Living off campus can get to be expensive if you are careless, so you should make it cheaper by sticking to certain rules. This way, you can enjoy all of the benefits while also saving money. It is basically a win-win.
1. Rent furniture.
When you move off-campus, that means that you at one point lived in a dorm. So you were used to its small living quarters, little to no furniture provided given the lack of space, and a forced roommate. Oh the joys and fond memories that exist.
In your own apartment you can save money on furniture by thrifting, splitting it, or renting it. Thrifting is great because you are purchasing mainly used, usually decent looking pieces. You can then split it up financially between all of your roommates. If you call the coffee table, then they get the love seat. It is only fair. It also is not a huge loss on your part if you decide you do not want certain items when you end up moving out.
However, when you rent furniture, you can simply pay a monthly fee, or purchase a package for the amount of time that you will need it. Just make sure that you try not to destroy or stain the items because that charge is not a good time. Most packages come with the necessities, like the bedroom space, living room and dining room. Plus, with renting you do not have to worry about moving it out at the end of your lease and finding a means to transport it to your new house.
2. Find roommates.
Living with roommates is not always perfect, as we all know, but it can definitely be helpful. Especially when it comes to saving money, which is always our motive. Living alone in a studio is pretty expensive, so throw in that it is in a college town and you are practically asking for high prices.
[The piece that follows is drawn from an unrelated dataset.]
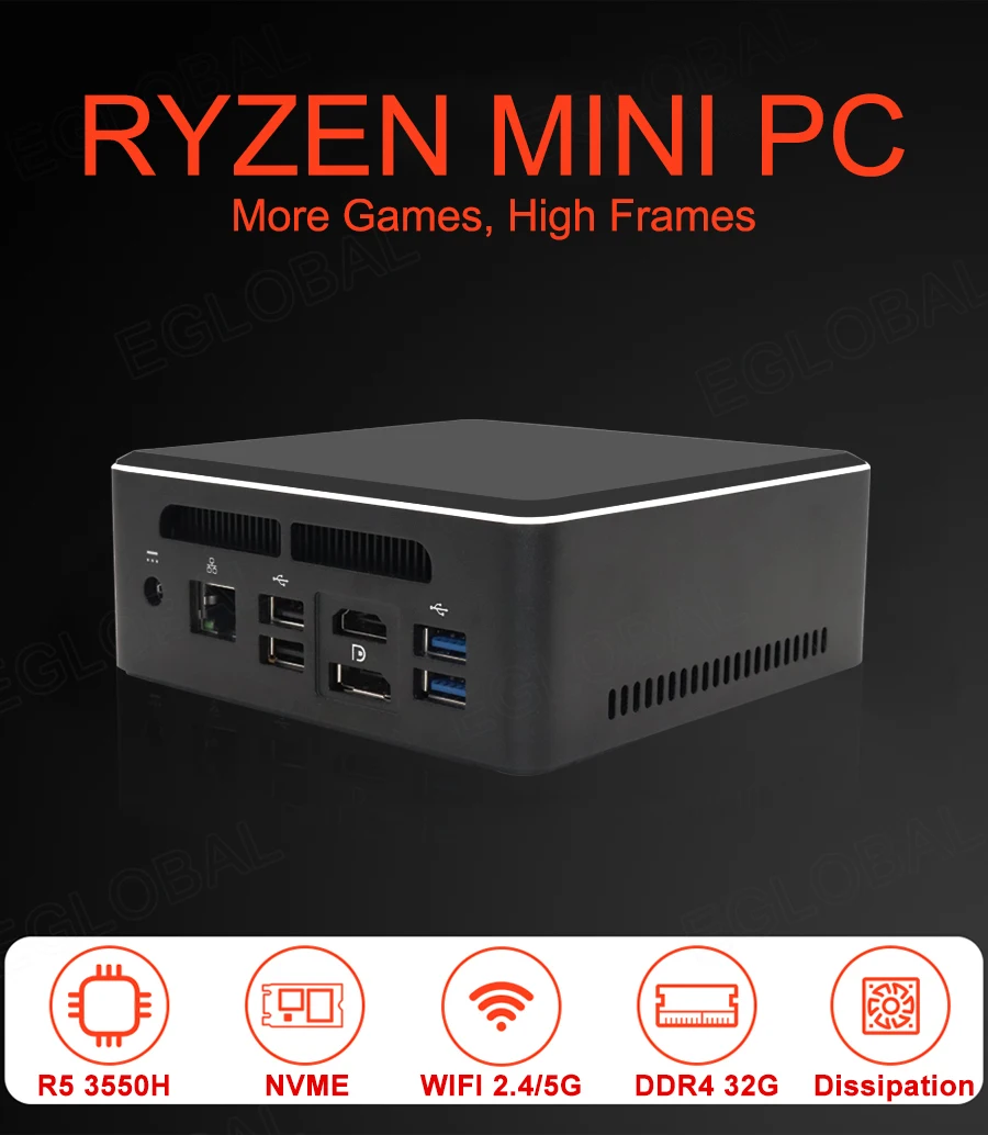 | AMD Ryzen 7 2700 R5 3550H 2500U Eglobal Mini PC with Vega 8 Graphic 4K UHD DP HDMI Type-C Gaming Computer Desktop Nvme SSD |

By having roommates, you can split a lot of the living costs. Obviously this entails rent and electric, but also groceries, furniture, and the miscellaneous items. Another pro is that if a few of you have cars, then you can share rides to campus, the grocery store, or anywhere really. It saves you both gas money and mileage on your car.
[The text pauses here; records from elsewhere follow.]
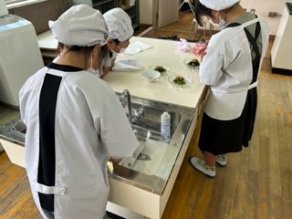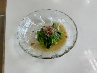 「ほうれんそうのお浸し」です。用具の使い方などにも気を付け、楽しく実習ができました。ほうれんそうの彩も鮮やかで、とてもおいしそうです。
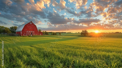 Obraz premium Stunning sunset over a red barn in a lush green field, with a dramatic sky...
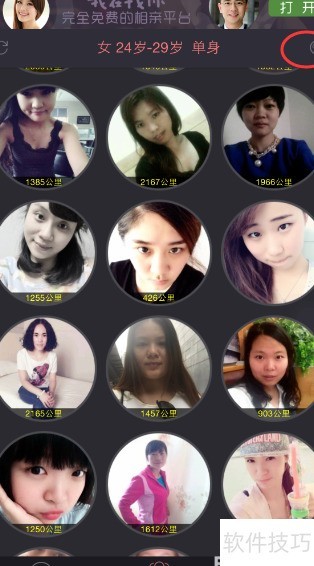 1、 打开交友软件,点击右上角的放大镜图标进行搜索。
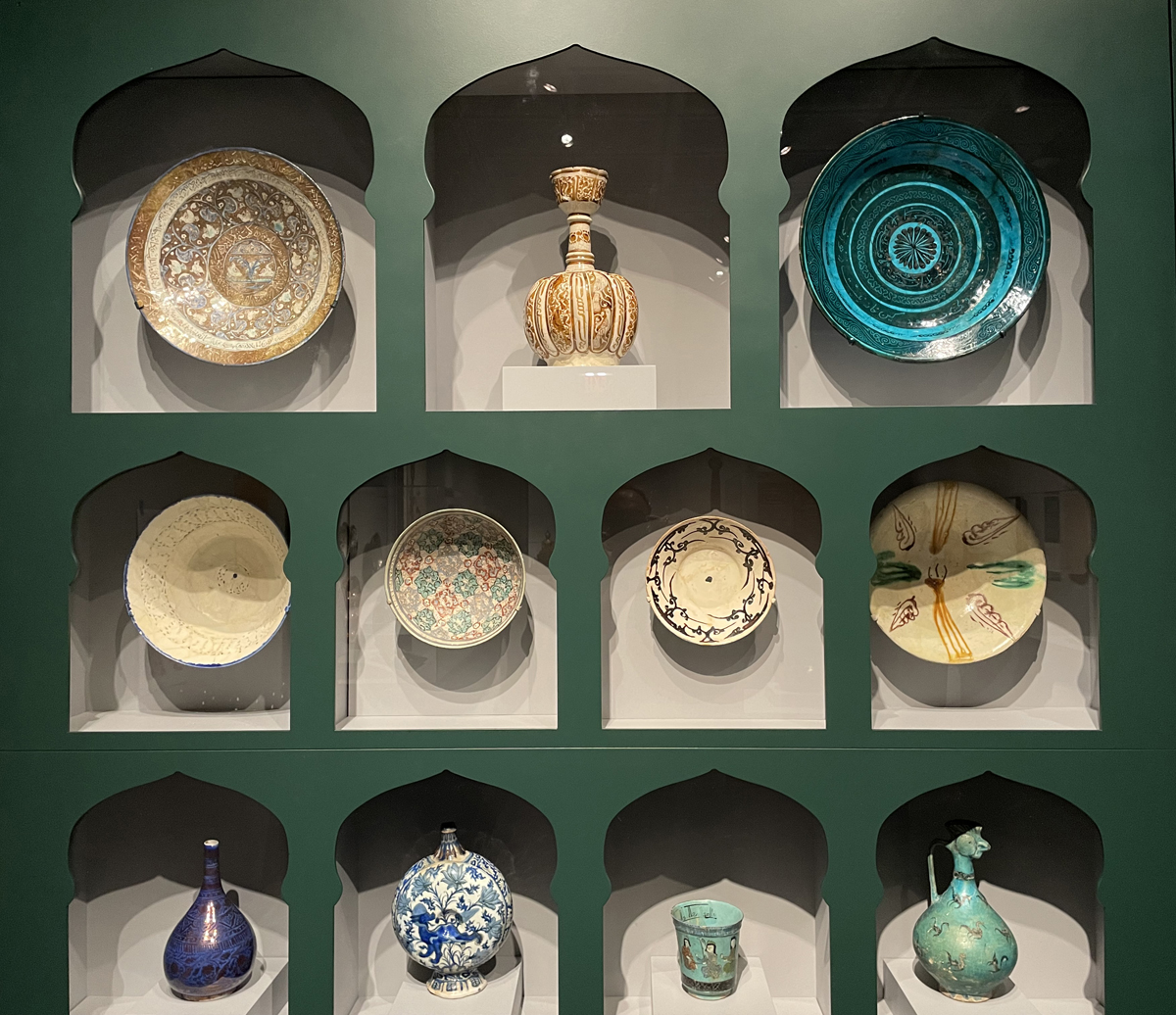 The next step is up to you. The cosmopolitanism of the Ottoman Empire? The erudition of Ming Dynasty China? The intentionally fluid floor plan offers a choice—but emphatic color choices (paradisical green for Islamic art, blue for East Asian) allow you to maintain your thematic bearings. So let’s head left, into a rewarding thicket of Chinese and Korean ceramics and bronzes.

When living with roomies, it can be less expensive than living on-campus because you are also not paying for the benefits of your university’s amenities. This means the gym, food services, and obviously the dorm. Good news is that your tuition is still somewhat going toward these things so you can still use them without paying for all of it. In other words, you are saving money by not living on the school’s premises and using their address.
3. Cook at home.
Living on-campus usually translates into not having a kitchen of your own. You most likely had a floor kitchen if one at all, and then used the campus dining halls as your main source for food. When you leave your parents’ cooking, you tend to rely on someone else to feed you. We have all been there, guys.
However, now that you have your own kitchen, you can literally cook every meal at home. Okay, maybe not every single meal, but definitely more of them. Plus, it is nice to actually be able to cook again and not have to eat pizza every single day because that is all cafeterias know how to make. Sorry college food courts everywhere.
This saves everyone money because you can split your food with the roommates, plan and prep ahead of time (in theory of course), and not only eat out 24/7. You can also store your leftovers somewhere when you do happen to go out to eat, which is completely necessary. And cooking at home can create roomie bonding experiences, as well as helping you actually know how to survive on your own cooking. It can also cause a pretty big mess so make certain that you clean up after yourself. No one likes a dirty kitchen.
Moving off-campus is exciting for various reasons, but an imperative factor is because of the money that you individually save. You should rent your furniture, have roomies for cheaper rent (and all around bills), and — because you can and should — cook at home.
The goal is to save money and to better your finances, so with these hints, you should be well on your way to a large savings account.